Principle:Apache Hudi Clustering Strategy Configuration
| Knowledge Sources | |
|---|---|
| Domains | Data_Lake, Data_Layout_Optimization |
| Last Updated | 2026-02-08 00:00 GMT |
Overview
Configuring the pluggable strategy that determines how file slices within a partition are grouped into clustering units and optionally sorted during rewriting.
Description
A clustering strategy defines which files to include in clustering and how to group them. Apache Hudi provides a pluggable strategy system where different strategies can be selected via configuration. The strategy operates during the plan creation phase (before the plan is written to the timeline) and determines the shape of the clustering work.

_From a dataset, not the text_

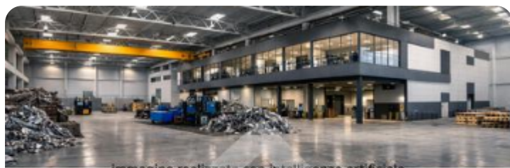
immagine realizzata con intelligenza artificiale

The key strategy dimensions are:
- File eligibility: Which files in a partition qualify for clustering. The default size-based strategy excludes files larger than a configurable
small.file.limit, focusing clustering effort on small files that would benefit from being merged into larger ones. - Group formation: How eligible files are partitioned into clustering groups. Each group defines a set of file slices that will be rewritten together into one or more new files. The maximum group size is bounded by
target.file.max.bytesandmax.num.groups. - Strategy parameters: Metadata attached to the plan that downstream operators use during execution. For example, the sort column names are passed as strategy parameters so the clustering operator knows which columns to sort by.
- Sort operator generation: When sort columns are specified, a
SortOperatorGenproduces a FlinkSortCodeGeneratorthat creates compiled comparators and normalized key computers for efficient in-memory and external sorting.
Two primary strategies exist for Flink:
- FlinkSizeBasedClusteringPlanStrategy: Groups small files by size, optionally specifying sort columns. This is the default for non-bucket tables.
- FlinkConsistentBucketClusteringPlanStrategy: Handles consistent hashing bucket index tables where bucket splits and merges require clustering. This strategy disables merge and sort plans to avoid multiple subtasks writing to the same file group.
Usage
Configure the strategy via the following Flink configuration options:
clustering.plan.strategy.class: Fully qualified class name of the strategy.clustering.plan.strategy.sort.columns: Comma-separated list of columns to sort by during clustering.clustering.plan.strategy.target.file.max.bytes: Maximum size of output files after clustering.clustering.plan.strategy.small.file.limit: Files below this size are eligible for clustering.clustering.plan.strategy.max.num.groups: Maximum number of clustering groups per partition.
Theoretical Basis
The clustering strategy addresses a classic bin packing problem: given a set of files with varying sizes, partition them into groups such that each group's total size approximates the target file size.
FUNCTION buildClusteringGroups(partition, fileSlices, config):
eligible = fileSlices.filter(f -> f.baseFileSize < config.smallFileLimit)
IF eligible.isEmpty():
RETURN empty
groups = []
currentGroup = []
currentSize = 0
FOR EACH slice IN eligible (ordered by size):
IF currentSize + slice.size > config.targetFileMaxBytes:
groups.add(currentGroup)
currentGroup = [slice]
currentSize = slice.size
ELSE:
currentGroup.add(slice)
currentSize += slice.size
IF currentGroup NOT EMPTY:
groups.add(currentGroup)
// Limit to max groups
RETURN groups.take(config.maxNumGroups)
When sort columns are specified, the strategy passes them as parameters so the execution phase can apply sorting. Sorting by frequently-filtered columns (e.g., date, region) improves data skipping during query execution, as min/max statistics in Parquet file footers allow the query engine to skip entire row groups.
The SortOperatorGen leverages Flink's code generation framework to produce specialized comparators at runtime:
FUNCTION createSortOperator(rowType, sortFields):
sortIndices = sortFields.map(field -> rowType.getFieldIndex(field))
sortSpec = buildSortSpec(sortIndices, ascending=true, nullsFirst=true)
codeGen = new SortCodeGenerator(rowType, sortSpec)
RETURN new SortOperator(codeGen.generateKeyComputer(), codeGen.generateComparator())